THE TASK :: Print only the lines below, from the very first to the one containing "アディダス adidas パフォーマンスロゴ", exactly as they stand. Do not print pictures.

COLLECTED MATERIAL ::
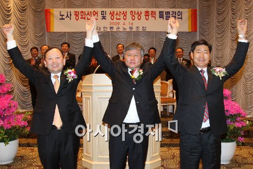 16일 광양 필레모 호텔에서 열린 ‘2009년 대한통운노동조합 정기 전국대의원대회’에서 대한통운노동조합은 ‘노사평화 선언 및 생산성 향상 총력 결의 특별결의문’을 발표했다.
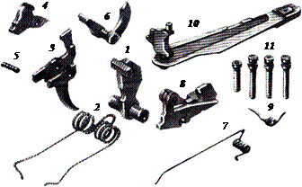 8 – уповільнювач курка; 9 – пружина уповільнювача курка; 10 – перевідник; 11 – осі
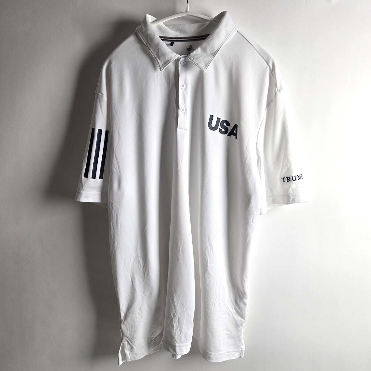 アディダス adidas パフォーマンスロゴ USAプリントTRUMPゴルフクラブ3Bドライポロシャツ 3ストライプ XL ホワイト m0808-12
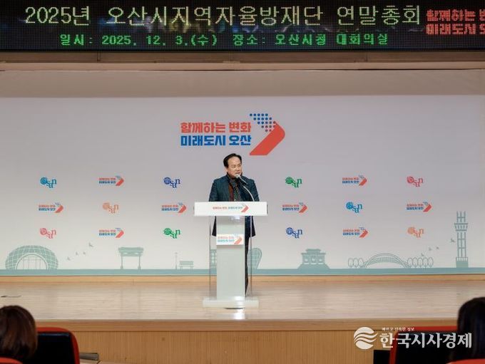 한국시사경제 권충현 기자 | 오산시 지역자율방재단은 지난 3일 오산시청 3층 대회의실에서 ‘2025년 연말 총회’를 개최하고 한 해를 안전하게 마무리하는 시간을 가졌다. 이번 총회에는 이권재 오산시장, 이상복 오산시의회의장, 성길용 부의장, 시의원 4명을 비롯한 지역 관계자와 방재단원들이 참석했다.

ANSWER SECTION ::
 16일 광양 필레모 호텔에서 열린 ‘2009년 대한통운노동조합 정기 전국대의원대회’에서 대한통운노동조합은 ‘노사평화 선언 및 생산성 향상 총력 결의 특별결의문’을 발표했다.
 8 – уповільнювач курка; 9 – пружина уповільнювача курка; 10 – перевідник; 11 – осі
 アディダス adidas パフォーマンスロゴ USAプリントTRUMPゴルフクラブ3Bドライポロシャツ 3ストライプ XL ホワイト m0808-12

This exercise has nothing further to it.